COVID-19 continues to change all aspects of the world around us, and taxes are no exception. In writing this blog, we are representing changes implemented as of April 1. While we hope the blog provides you with tax planning ideas and guidance, please check with your trusted financial advisors for the most up-to-date information that may impact your choices and tax filing path. CFP® professionals are uniquely qualified to guide you through these uncertain times. Additionally, you can review updates to tax laws on the IRS website and on the appropriate website for your own state income tax boards.

Despite the change to a July 15 tax filing deadline, tax planning should still be on your mind. Here are a few helpful tax planning tips for you to consider as you prepare to file.

  • July 15 is the new April 15. In consideration of the extreme financial stress everyday citizens face due to the vast “shelter in place” directives being implemented, the federal government has extended this year’s tax filing date to July 15. Not only may you file on this later date, you may pay any taxes normally owed by April 15 when you file July 15. Treasury Secretary Steven Mnuchin has indicated that anyone following this process will automatically not be charged any interest and/or penalties for filing and paying up until July 15. However, many of us expect refunds when we file, so it is recommended to file your returns soon to benefit your cash flow during this volatile time.
  • Are quarterly taxes typically due April 15 for tax year 2020 also included in the extension?

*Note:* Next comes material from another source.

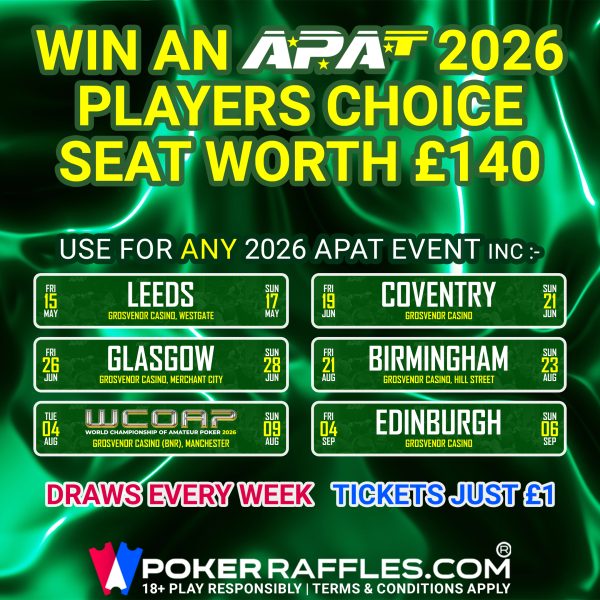 Ticket holders in this raffle will be competing to win a Seat at any £140 main event in 2026, or any similarly priced APAT National Amateur Poker Championship event in 2026.

Many of you pay quarterly taxes, especially those who are self-employed. You may defer the taxes you would normally pay April 15 for the first quarter until July 15. However, for those of you paying quarterly taxes throughout the year, changes have not been applied yet to taxes that would normally be due on June 15 for the second quarter. Please check the IRS website for further guidance as that deadline approaches.
  • How are contributions to IRAs and Roth IRAs affected? The July 15 extension also applies to IRA and Roth IRA contributions. Know your funding limits and if you are uncertain, consult a tax pro. For example, in 2019, the limit on annual contributions to IRAs and Roth IRAs increased to $6,000 with an extra $1,000 for those age 50 and older. If you are not sure of which plan to use, reach out to your trusted CFP® professional financial planner for advice tailored to your personal circumstances. And if you are a business owner, consider funding a more sophisticated retirement plan, such as a SEP IRA. You can often invest more than traditional IRA and Roth IRA limits into these plans and fund all the way up to the October 15 extension deadline.
  • Pay attention to the details on your investment company 1099s. It seems every year 1099s are released by investment companies later and later. The silver lining is that far fewer corrected 1099s are issued close to the normal April 15 filing deadline. That said, take a moment to be sure you have all of your 1099s. Then, review thoroughly, paying close attention to the details which often come in the form of schedules attached to the 1099. For example, muni bond interest may or may not be tax free on your federal and/or state returns based on many factors. Also, ensure that qualified dividends and other preferentially taxed income is reported correctly on your income tax returns so you don’t overpay. When considering capital gains, check the basis information and holding dates to be sure you agree. Mistakes are made, and this is your chance to correct them. Report errors to the issuer as soon as you can, and let your preparers know if they need to make adjustments and document differences on your tax returns using supplementary notes or schedules.
  • Begin preparing for July. Americans who are experiencing day-to-day cash flow issues during these uncertain times may need to pay bills now and wait to pay taxes still owed for 2019 until July 15.  You can take advantage of the late payment date and conserve cash if you need to.  The government enacted the payment delay for that very reason. However, establish a cash conservation plan so that you are prepared to pay in July. Otherwise, you risk creating an unwelcome tax debt lasting beyond July 15 that might adversely impact your long-term financial planning goals.

Be sure to think ahead about what you can do to control your tax burden in the current year for next year’s filing season. It’s a lot easier to make changes to your tax obligations before December 31 than after! CFP Board is dedicated to providing resources to the public on financial planning strategies. Check out LetsMakeAPlan.org for weekly blog posts covering a variety of financial planning topics.

Wishing you all a safe tax season. 

No representations or warranties are made as to the accuracy, timeliness, suitability, completeness, or relevance of any information presented. This is solely an opinion piece. The opinions expressed are exclusively of the authors and are subject to change without notice. The content referenced is strictly for informational purposes and should not be regarded as a comprehensive or accurate analysis of the topic(s) discussed. Always consult a CPA or tax Professional prior to implementing anything referenced or discussed in this piece and to obtain individualized and professional advice.